The response should contain all of the records, copied exactly, and none of the images.

☆ ☆ ☆

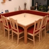 Feuerwehrhaus Eichenau Aufenthaltsraum " Stüberl".     Verwendete Hölzer: Buche Massivholz und Furnier für die Tischgestelle und Eckbänke,Tischplatten aus massiven  Ahorn.                         Dia - Show
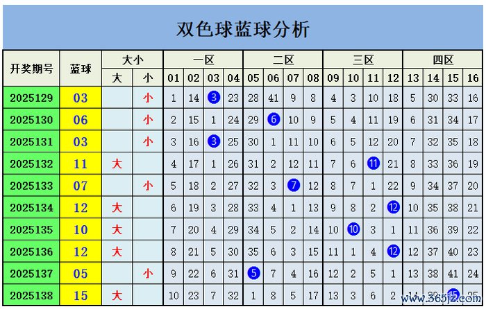 上期蓝球开出四区号码15
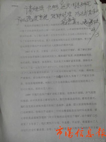 迫于危困的擔(dān)憂(yōu),2009年村民開(kāi)始上訪,但問(wèn)題仍未得到解決。無(wú)奈,2012年4月村民再次找到鎮(zhèn)巴縣委信訪辦,終于迎來(lái)了希望。同年8月28日,縣委書(shū)記趙勇健批示“予以高度重視,及時(shí)處理防止引發(fā)新的矛盾”。
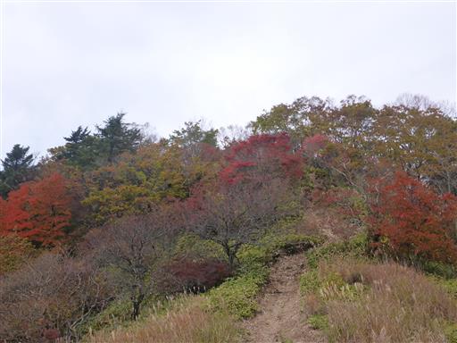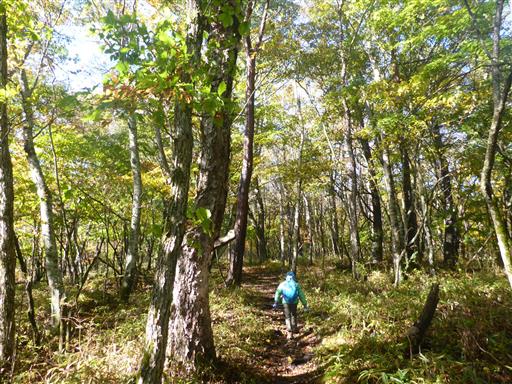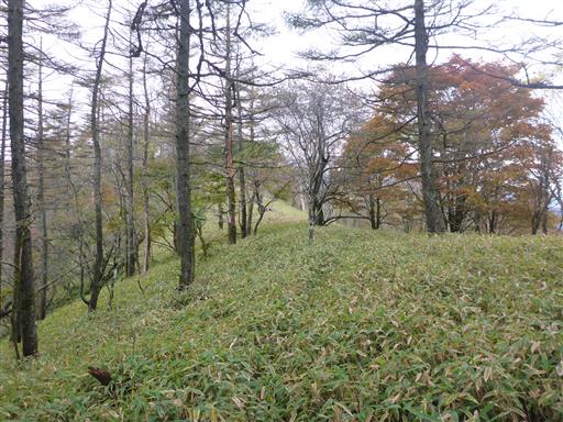 横尾山から先は途端に道は狭くなり笹薮登山道になる。
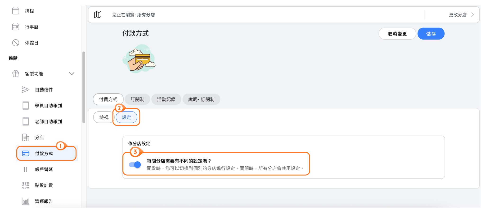 A店刷卡,B店收現金,可以嗎?可以!現在分店可獨立設定支付管道,帳務更清楚。
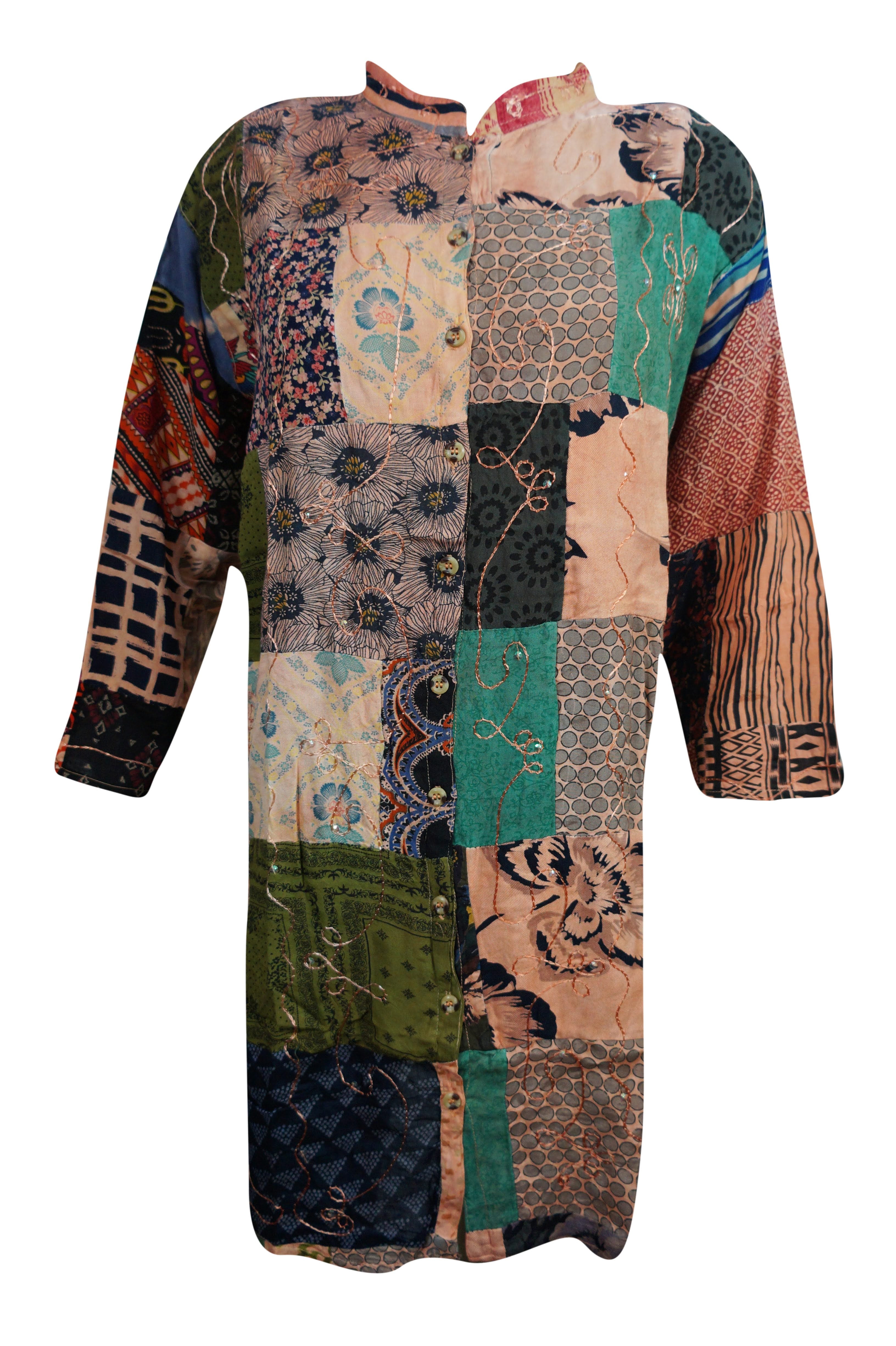 Women Tunic Dress Button Down Patchwork Design Embroidered Long Sleeves Casual Dresses L Walmart Com
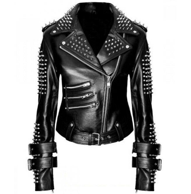 Handmade Women Black Punk Silver Spiked Studded Leather Biker Jacket
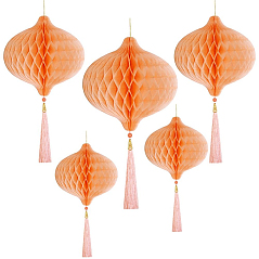 Бумажное украшение Шары-соты с кисточкой НАБОР 5 шт, персиковый Бумажное украшение Шары-соты с кисточкой НАБОР 5 шт, персиковый
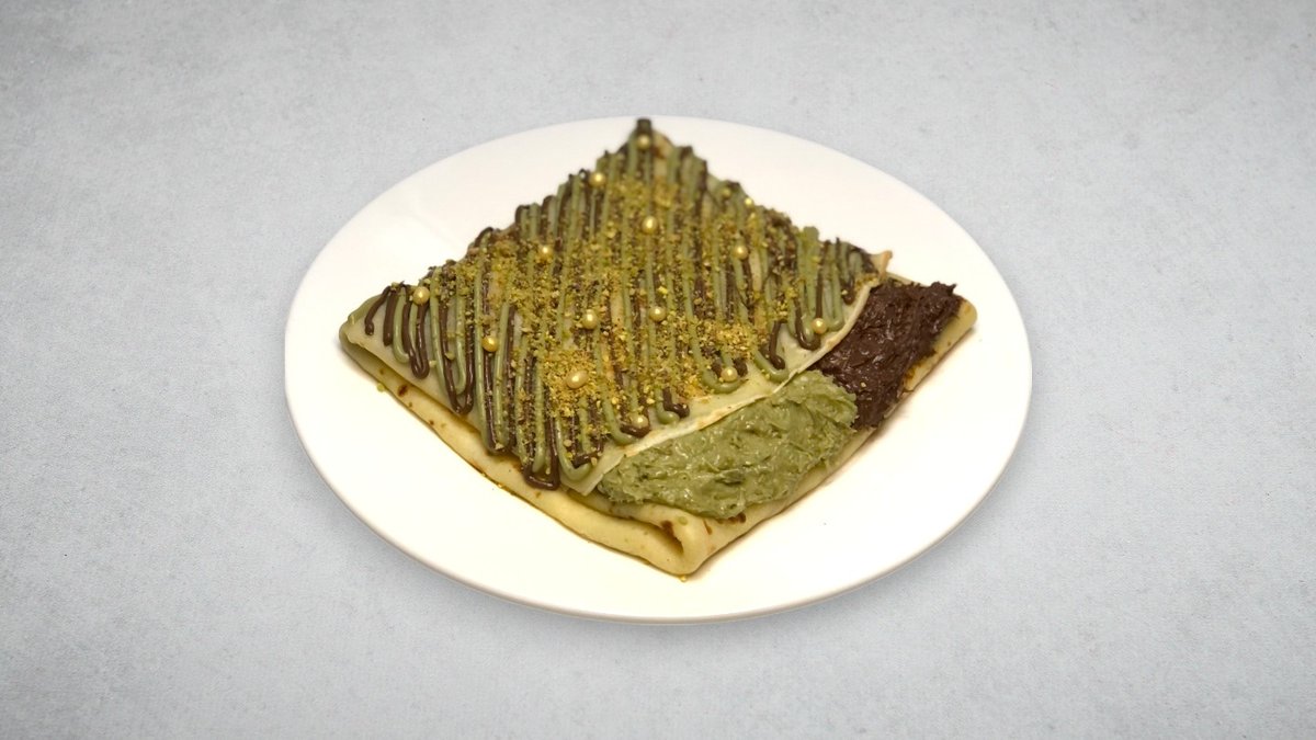 Uživajte Dubai palačinki sa bogatim kremom od pistaća i Nutelle, kadaifom i mlevenim pistaćima.

☆ ☆ ☆

#### Exercise response:
 Feuerwehrhaus Eichenau Aufenthaltsraum " Stüberl".     Verwendete Hölzer: Buche Massivholz und Furnier für die Tischgestelle und Eckbänke,Tischplatten aus massiven  Ahorn.                         Dia - Show
 上期蓝球开出四区号码15
 迫于危困的擔(dān)憂(yōu),2009年村民開(kāi)始上訪,但問(wèn)題仍未得到解決。無(wú)奈,2012年4月村民再次找到鎮(zhèn)巴縣委信訪辦,終于迎來(lái)了希望。同年8月28日,縣委書(shū)記趙勇健批示“予以高度重視,及時(shí)處理防止引發(fā)新的矛盾”。
 横尾山から先は途端に道は狭くなり笹薮登山道になる。
 A店刷卡,B店收現金,可以嗎?可以!現在分店可獨立設定支付管道,帳務更清楚。
 Women Tunic Dress Button Down Patchwork Design Embroidered Long Sleeves Casual Dresses L Walmart Com
 Handmade Women Black Punk Silver Spiked Studded Leather Biker Jacket
 Бумажное украшение Шары-соты с кисточкой НАБОР 5 шт, персиковый Бумажное украшение Шары-соты с кисточкой НАБОР 5 шт, персиковый
 Uživajte Dubai palačinki sa bogatim kremom od pistaća i Nutelle, kadaifom i mlevenim pistaćima.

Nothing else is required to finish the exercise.